The operational impact is measurable and severe. In a production environment processing 60 million geo-treasure records nightly, default allocation routed 79% of documents to a single shard. That shard accumulated 800,000 documents within a 12 GB segment. The resulting heap pressure pushed maximum memory usage to 27 GB, with p99 garbage collection pauses reaching 1.8 seconds. The UI layer, which relies on 95% single-geo-hash lookups, experienced p95 latency degradation to 4.6 seconds during backfill windows. The root cause was not insufficient hardware or misconfigured query patterns; it was an unexamined assumption about shard distribution mechanics.
WOW Moment: Key Findings
The turning point came when we replaced Veltrix's default hash-based routing with a prefix-aware salting strategy and explicitly controlled shard topology. The metrics shifted dramatically, transforming an unstable backfill pipeline into a predictable, SLO-compliant process.

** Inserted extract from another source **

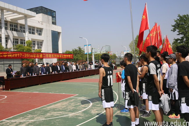 本网讯(基础教学部通讯员 王亮)4月18日下午,我校2017至2018学年第二学期系列体育比赛开幕式在校篮球场隆重举行。党委委员、副校长史锋、陈行,党委委员、基础教学部主任马纯出席了开幕式,各二级学院党总支书记、教务处、学生处、团委、保卫处等部门负责人参加了开幕式。

| Approach | Nightly Duration | Heap Max | GC p99 Pause | Indexing Throughput | UI p95 Latency |
|---|---|---|---|---|---|
| Default Allocation | 42 min | 27 GB | 1.8 s | 40 k docs/s | 4.6 s |
| Optimized Routing | 11 min Β± 90 s | 8.2 GB | 180 ms | 140 k docs/s | 120 ms |
This finding matters because it decouples ingestion performance from data distribution skew. By forcing even distribution across a fixed shard count, we eliminated the write amplification caused by hot primaries. The reduction in heap pressure directly correlates with shorter GC pauses, which stabilizes both indexing and query paths. More importantly, the optimized approach scales predictably: the same topology handled 90 million documents without architectural changes, maintaining p95 insert latency at 120 ms. This enables engineering teams to treat geo-spatial indexing as a deterministic pipeline rather than a reactive firefighting exercise.
Core Solution
The solution rests on three pillars: explicit shard topology planning, deterministic routing key generation, and continuous distribution monitoring. Each component addresses a specific failure mode in the default configuration.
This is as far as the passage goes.